In fact, people who described themselves as "pro-life" are “significantly more likely to utilize court orders” to force pregnant patients to undergo non-consensual cesarean sections at the risk of their health and lives.116
“The fetal container image of women,” which is a core component of Fetal Personhood ideology, “is evident in cases like these in which pregnant women are forced to undergo unwanted surgery on behalf of their fetuses, operations which physicians agree increase the risk of the woman's death.

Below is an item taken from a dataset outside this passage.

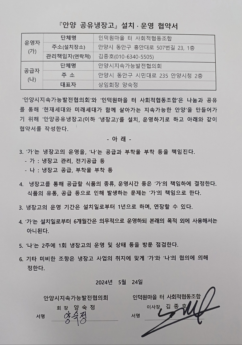[20240525]안양 공유냉장고 2호점 인덕원동에 개소

These cases sharply diverge from the general legal doctrine that individuals are not required to undergo any risk of physical harm to help another.”117
“When a court orders a cesarean section, it requires the woman to rescue the fetus at her own risk, a decision unprecedented in other areas of law.”118 "Ordering a cesarean to save the fetus is just as extraordinary as ordering a parent to donate bone marrow to save a child.... In each case, a parent is refusing an invasive and somewhat risky procedure without which his or her child will die or suffer serious harm.”119 “If a court is not prepared to order a bone marrow donation, and currently they are not, then a court should not be willing to order a caesarean section.”120
Fetal Personhood is violence
As anti-abortion violence plagued America in the 1980s and 1990s, Fetal Personhood proponents were perpetrating their own kind of violence - obstetric violence - against pregnant human beings and utilizing the courts to do it.
In the 1990s, “with a pro-choice president in office for the first time in decades and anti-abortion violence in the news,” anti-abortion activists were “desperately [trying] to convince [] Americans that abortion, not abortion opponents, hurt women” (emphasis mine).121 — But as the history discussed in this post shows, pregnant people had far more reason to fear abortion opponents - whether at clinics or inside hospitals and court hearings - than to fear abortion itself. History itself testifies to the disturbing and ruthless reality of Fetal Personhood violence.
The story of Fetal Personhood violence didn't end in the 1990s. Today, as anti-abortion groups increasingly demand that violent “rescuers” motivated by Fetal Personhood ideology122123 be released from prison and pardoned,124 Fetal Personhood proponents are “trying to change the reproductive health care standards in state and federal health policy,” demanding that emergency abortions be performed through procedures that “carry bigger health risks” to pregnant patients in the midst of experiencing medical emergencies, “such as cesarean sections, rather than less invasive abortion procedures” that are safer for the pregnant patient.125 This is already enshrined in multiple states’ abortion bans, as I wrote about in “Sacrificing the body: The little discussed clause in "life of the mother" exceptions.”
Perhaps now, more than ever, it's important to talk about Fetal Personhood as the violence that it is. Fetal Personhood is violence.